In May 2019, I was elected to the Board of Directors of the Society of Midland Authors to serve a three-year term. The Midland Authors was founded in 2015 to create "a closer association among writers of the Middle West" and to stimulate "creative literary effort." I'm honored to a part of this institution that does so much to promote the interests of Midwestern writers.
The unofficial Chicago branch of Fomite authors met at Women & Children First Bookstore in Chicago to celebrate the launch of Julie Justicz's debut novel Degrees of Difficulty.
Jan English Leary, Thicker Than Blood (Fomite 2015),Skating on the Vertical (Fomite 2017)
Maggie Kast, A Free, Unsullied Land (Fomite 2015)
Julie E. Justicz, Degrees of Difficulty (Fomite 2019)
Lynn Sloan, Principles of Navigation (Fomite 2015), This Far Isn't Far Enough (Fomite 2018)
"Each story stands on its own as a separate jewel. . . ." Thank you, Booksie!
To go to Booksie's blog: click.
My short story "Ollie's Back," included in my collection This Far Isn't Far Enough, was performed by Nate Corddry last year, and is now released in the Selected Shorts program Forgiving and Forgetting. The program is aired on NPR and available as a podcast.
On Saturday, August 17, 2019 I will lead the workshop on How to Read a Photograph at Northwestern Summer Writers' Conference, Chicago.
Writers collect and use photographs as records of facts and as inspiration. Getting it at a glance—that’s what we like about photographs. They are simple; they yield their information without a struggle; their language is universal; seeing is natural: Each of these statements is false. Photographs are deceptive and they are filled with information beyond what is available at a glance. Learning how to see what photographs describe can deepen and enrich our writing. In this workshop we will explore ways to read photographs to discover what is within or beyond the surface representation.

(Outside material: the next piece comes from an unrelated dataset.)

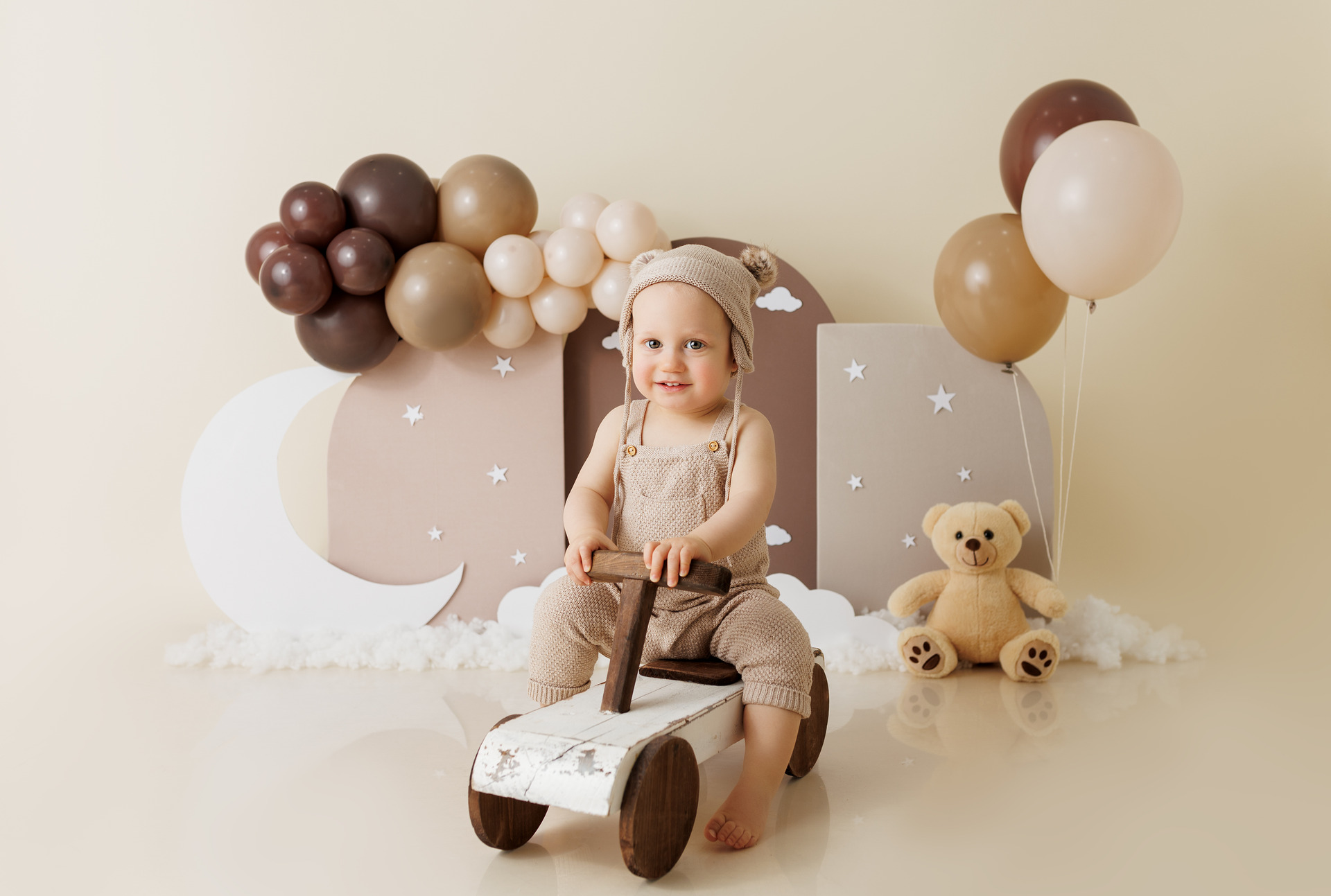 O cenário da sessão Smash the cake é criado de forma personalizada, pensado exclusivamente para cada criança.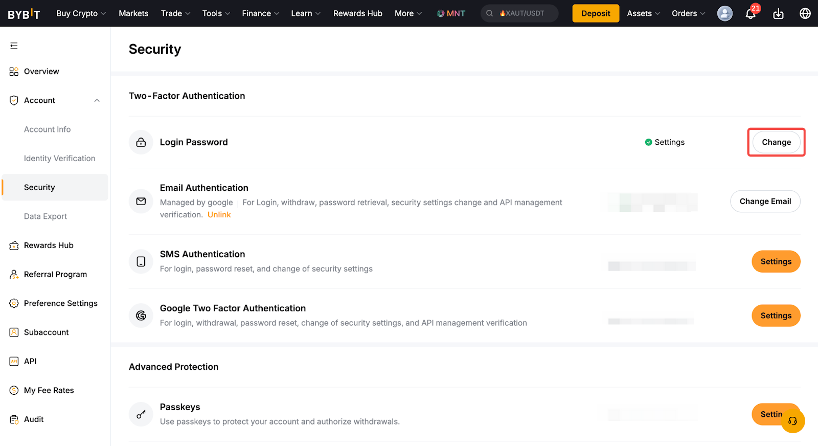 Sin embargo, si inicialmente registró su cuenta de Bybit con su cuenta de Google, puede iniciar sesión directamente haciendo clic en el icono de Google en la página de inicio de sesión. A continuación, haga clic en su Icono de perfil → Seguridad → Cambiar contraseña para restablecer su contraseña.

A surprise: my story "Nature Rules" that appeared in Shenandoah in fall, 2017 received an honorable mention for The Shenandoah Prize for Fiction. Many awards have lots of categories, winner, finalist, semi-finalist, honorable mention, and sometimes more categories, so I don't usually find that receiving an honorable mention is worth mentioning. But the Shenandoah Prize includes one winner and one honorable mention in each category, so I am extremely honored, and thrilled.
I learned the news while reading R. T. Smith's final "Editor's Note," published in April, 2018.
I am pleased to announce our annual prizes for the most distinguished works of poetry, fiction and non-fiction to appear in volume 67 of Shenandoah. . . . and I send out my congratulations to the recipients, the honorable mentions . . . . Lynn Sloan’s “Nature Rules” in fiction
Here's the link to "Nature Rules."
"VIP parking at the Getty," my friend exclaimed.
So begins the brief essay about my experience with Ollie, the character in my story that was read at the Getty Center in Los Angeles. To read the essay, click:
Thrilled that my story "Ollie's Back" from This Far Isn't Far Enough had been chosen by Selected Shorts for its program "A Feast of Fiction," at the Getty Center in Los Angeles, I waited outside the auditorium for the show to begin. Mine was the last story and it was to be read by the outstanding actor Nate Cordrry. On that stage Nate Cordrry became Ollie, and he brought down the house. In a few months this program will be broadcast on NPR's Selected Shorts and available in podcast.